I had a hell of a time getting the old caked on stuff off to return season it until I took it to the media Blaster at my dad's (less harsh than sand blasting). Had em in there for a few passes and it was pure raw metal. Seasoning took much easier this time. Used flaxseed method.


----------



## Craig (Jan 13, 2014)

hardline_42 said:


> There's a whole lot of over thinking going on in this thread, and possibly some high expectations for seasoning results. IME, the seasoning on carbon steel doesn't get as deep or as even as cast iron. My best carbon steel is splotchy and hideous with large areas that look unseasoned, even after years of use, but it cooks and releases food like a dream.
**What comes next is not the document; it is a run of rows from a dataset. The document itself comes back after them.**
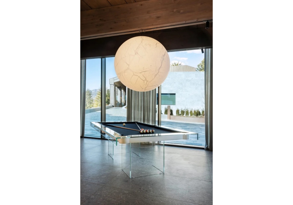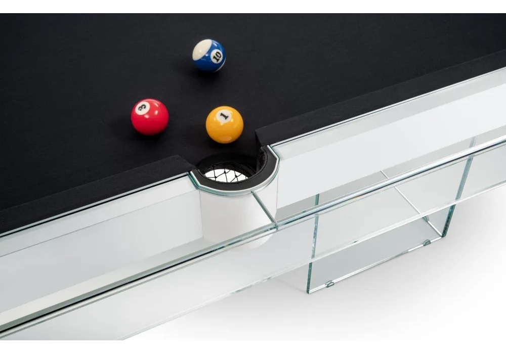 Shadow diseñada por Basaglia + Rota Nodari para Fas Pendenza es una carambola de forma cuadrangular con campo de juego realizado en madera lacada en blanco, una pieza única de tablero de juego de pizarra. La estructura perimetral y las patas son íntegramente de cristal transparente. Shadow viene con 4 nervaduras; juego de bolas numeradas Ø 57; caja de yeso; triángulo para bolas; cepillar.
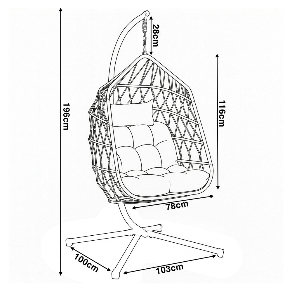 Stylish Mesh Rope Basket: With 116 cm × 78 cm × 59 cm (L x W x D) dimensions, this folding egg chair provides plenty of room to sit back and relax.
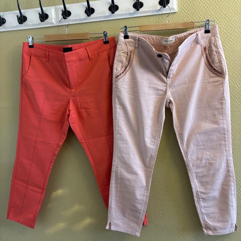 Materialet er 97 % bomull og 3 % elastan, så de har litt ettergivenhet og strekker seg litt. De har en knapp foran og glidelåsgylf.
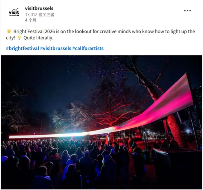 由布鲁塞尔旅游局(Visit Brussels)主办的布鲁塞尔灯光节(Bright Festival),是欧洲极具影响力的城市文化节庆之一。自2013年创办以来,布鲁塞尔灯光节已逐步成长为比利时最具代表性的年度盛典。每年2月,布鲁塞尔都会化身为光影交错的梦幻之都,凭借创新创意的灯光装置与丰富多彩的夜间体验,吸引全球观众与艺术家汇聚于此,共同探索光影与城市碰撞出的奇妙火花。
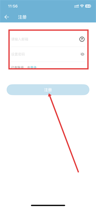4、輸入郵箱和密碼,點(diǎn)擊注冊按鈕完成登錄。
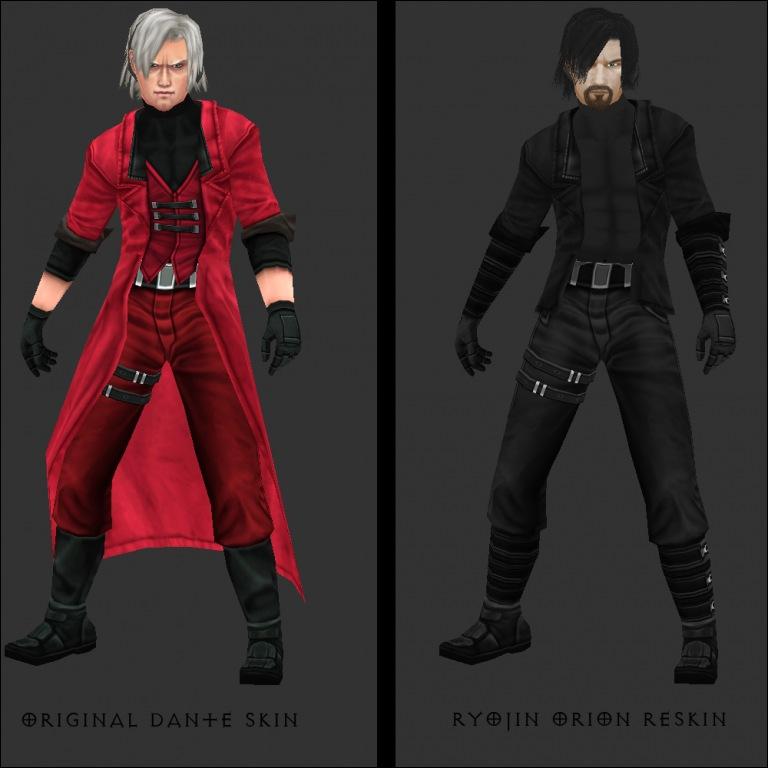 COMMENTS: Ryojin is a character based on my own imagination for a short story that I am writing. NPC/bot Support included.In version 3, I added in SP support, a new head with a Phoenix tatoo, got rid of that annoying sword on the back, and added in team skins. In version 5, I added in a few new faces, modified the existing faces, added in sounds, spent an hour banging my head against a wall trying to get the sounds to work, got the sounds to work, then added in multiple choices for pants. When it comes to the saber, it was my third attempt at a saber, and the best one I made out of the three. I thought it was good enough to use. It isnt too complicated, but not too simple, so I like it. For version 6, since I couldnt use the face I put on in V5 since I didnt have Graves' permission, and didnt want to wait, I went ahead and made a new face. The face is all mine. For version 7, I used Graves' Dante Reskin clothes, and edited them to what I wanted them to be, and I made new hair for it. A short haired version is also included. Version 8 mainly focuses on head variations. I took out all the scarred ones, since I never really liked them, but I added others to try to make up for it. Also, I finally made a half-decent short version of the coat.
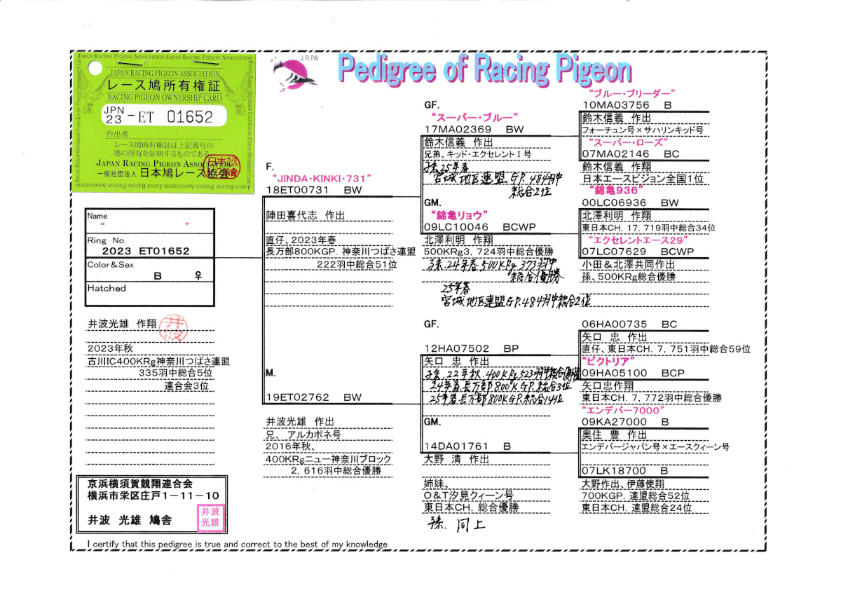 | 出品鳩♀34番「23ET01652 B♀」井波光雄作翔23年秋RG400K総合5位 錦亀リョウ号RG500K総合優勝直仔×アルカポネ号400K総合優勝全兄弟 | オークションNo: 1770280267 |
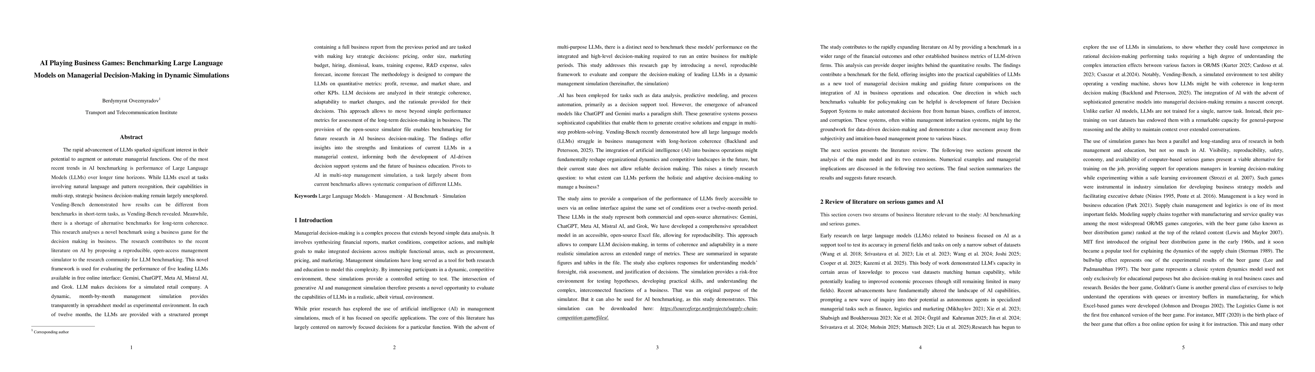 The rapid advancement of LLMs sparked significant interest in their potential to augment or automate managerial functions. One of the most recent trends in AI benchmarking is performance of Large Language Models (LLMs) over longer time horizons. While LLMs excel at tasks involving natural language and pattern recognition, their capabilities in multi-step, strategic business decision-making remain largely unexplored. Few studies demonstrated how results can be different from benchmarks in short-term tasks, as Vending-Bench revealed. Meanwhile, there is a shortage of alternative benchmarks for long-term coherence. This research analyses a novel benchmark using a business game for the decision making in business. The research contributes to the recent literature on AI by proposing a reproducible, open-access management simulator to the research community for LLM benchmarking. This novel framework is used for evaluating the performance of five leading LLMs available in free online interface: Gemini, ChatGPT, Meta AI, Mistral AI, and Grok. LLM makes decisions for a simulated retail company. A dynamic, month-by-month management simulation provides transparently in spreadsheet model as experimental environment. In each of twelve months, the LLMs are provided with a structured prompt containing a full business report from the previous period and are tasked with making key strategic decisions: pricing, order size, marketing budget, hiring, dismissal, loans, training expense, R&D expense, sales forecast, income forecast The methodology is designed to compare the LLMs on quantitative metrics: profit, revenue, and market share, and other KPIs. LLM decisions are analyzed in their strategic coherence, adaptability to market changes, and the rationale provided for their decisions. This approach allows to move beyond simple performance metrics for assessment of the long-term decision-making.
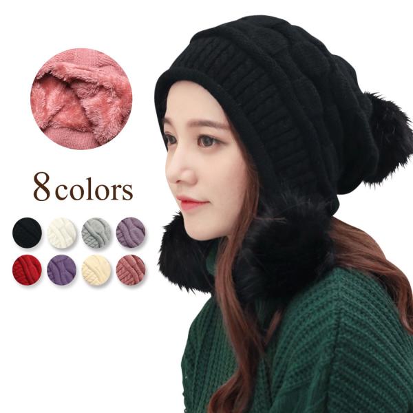 ニット帽 レディース おしゃれ 耳あて ポンポン ボンボン 秋冬 防寒帽子 可愛い 暖かい 厚手 大きめ 無地 アクリル 女の子 大人 キャップ ゆったり 裏起毛 水着ストア 通販 Paypayモール
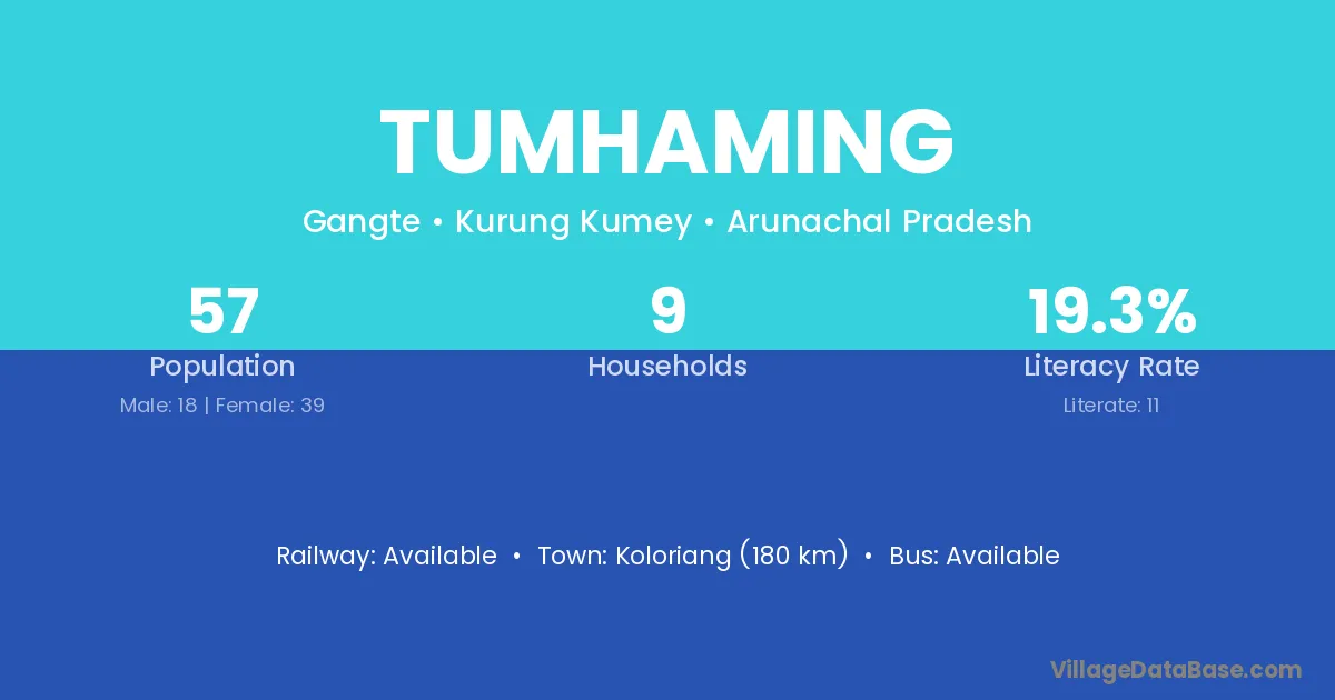 Tumhaming village has a total population of 57 people, of which 18 are males and 39 are females.
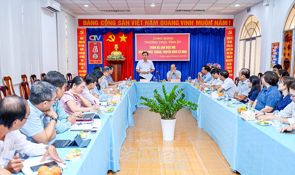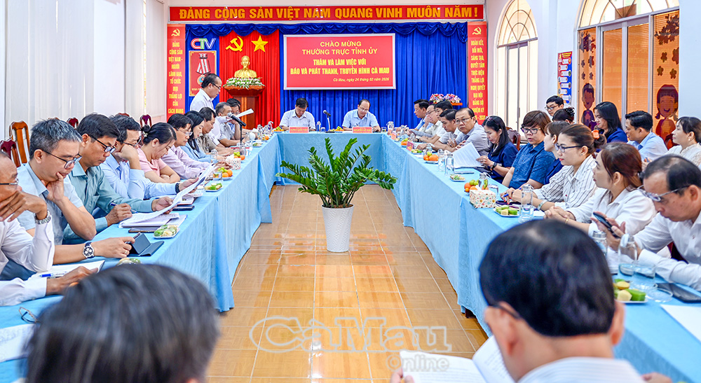 Thường trực Tỉnh uỷ làm việc với tập thể lãnh đạo Báo và PTTH Cà Mau vào chiều 24/2.
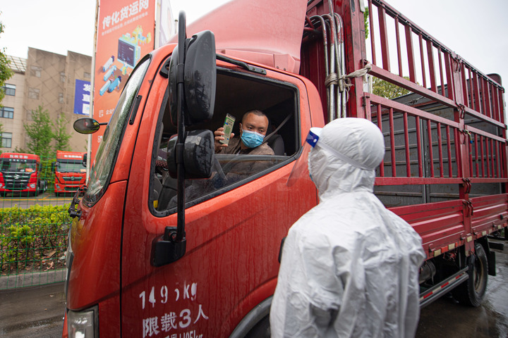 4月13日,工作人員查驗(yàn)駛?cè)牒贾輦骰犯鄣呢涇囁緳C(jī)健康碼。新華社記者江漢 攝
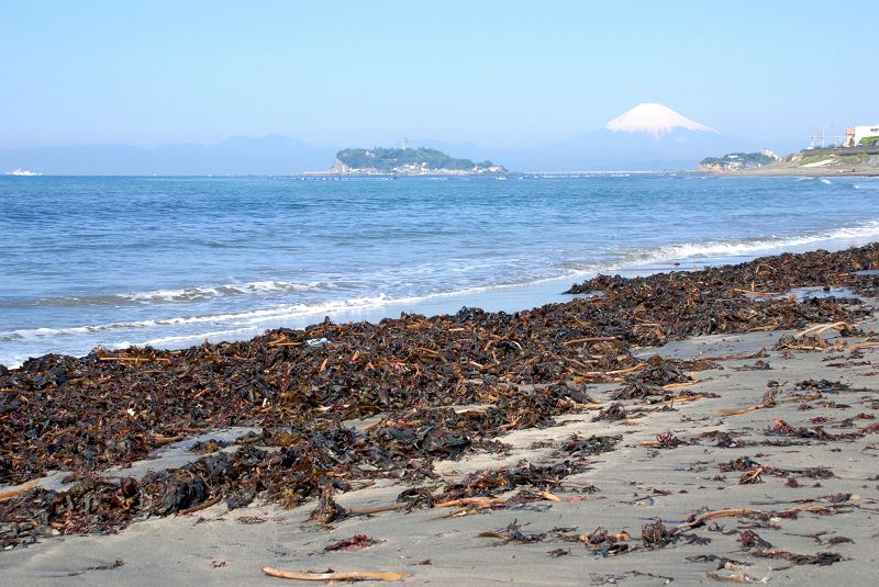 鎌倉の海岸、七里ヶ浜から江の島と富士山を望む、撮影:2007年4月
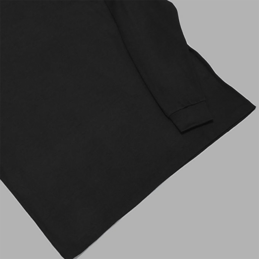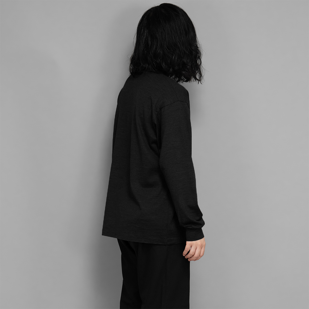 サイズ感に適度なゆとりをもたせることで、綺麗なドレープが入るように作られています。また、ネック部分はリブ素材ではなく、ボディーと同じ生地が使用されているため、極端な締め付けもなく、ストレスのない着心地の良さがあります。
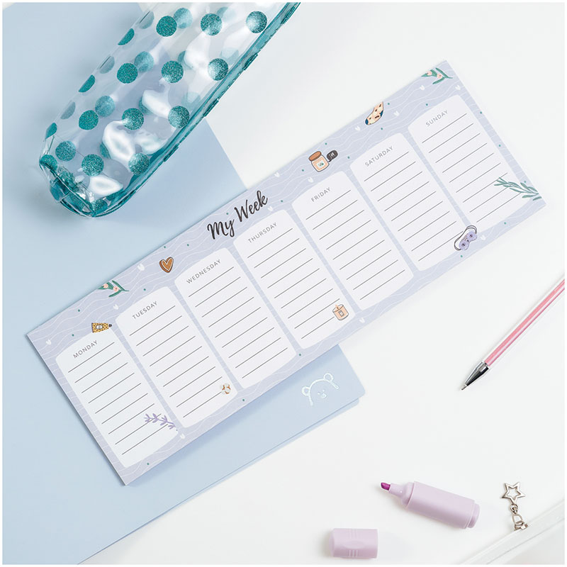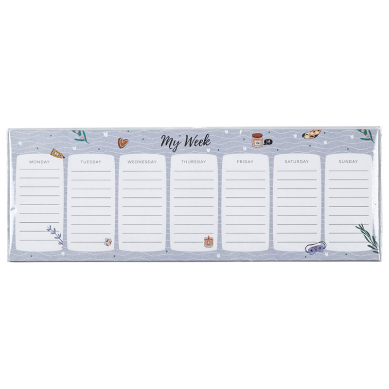 Планер на неделю MESHU. Размер - 297?105 мм. Бумага офсетная 80 г/м2. 30 листов с оригинальным дизайном. Недатированный. На склейке. Индивидуальная упаковка.
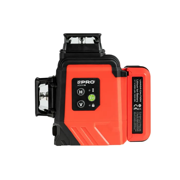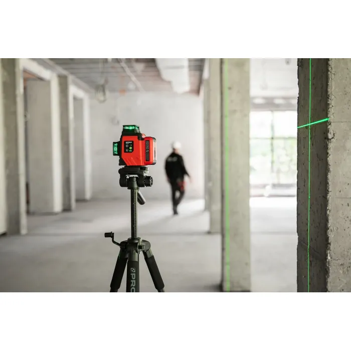 Възможност за маркиране на склонове благодарение на режима на работа с блокирано махало. Самонивелира се благодарение на магнитното махало. Степен на защита IP54. Наклонът на устройството извън работния диапазон от 3°±1° се сигнализира с пулсиращ звуков сигнал, заедно с мигане на лазерната линия. Лесен монтаж на статив или опъващ прът с резба 1/4". Многолинейният лазер PRO-AQ3DG генерира три 360° равнини, една хоризонтална и две вертикални равнини, пресичащи се под ъгъл от 90°. Импулсният режим за работа с детектор увеличава работния обхват на лазера. Функция на лазерен отвес (оста на кръста на тавана и пода определя отвеса).

For future reference, I've never had to strip and reseason carbon steel even when certain foods make it uneven. I just keep cooking with it and the pan heals itself. A well developed seasoning looks more like this than what we're used to seeing on an old cast iron skillet:
> 
> 
> 
> ...



I'll echo this. I had a similar issue with one of my first carbon pans where I seasoned it to the point of being black like cast iron. After a few weeks it all came off when I was cleaning it one day, all at once. My other pan looks just like this one and works great. When I redid the first one, I stopped much earlier in the seasoning and I haven't had a problem with it since.


----------



## DeepCSweede (Jan 13, 2014)

I had the same issue to. I spent a day, potato peels in water, then about 10 coats of peanut oil for about an hour a crack. A week later all of that started flaking during cleaning. Next run I just did one quick run of seasoning and then started using it. After cleaning, I would put it on the stove for 5 minutes and then run a paper towel with some oil on it over it and let it cool. It took about two months to look like the one above and I am pretty happy with how it works now. I will have to try the flax oil method at some point.


----------



## brianh (Jan 18, 2014)

Seasoned it again with the stovetop method and flax oil. Maybe 9-10 times, it was almost all black, some brown. Used it for the first time tonight with a thick NY strip and it came out great. Only a hint of the seasoning came off, right where the steak first hit. It really acted better than non-stick.


----------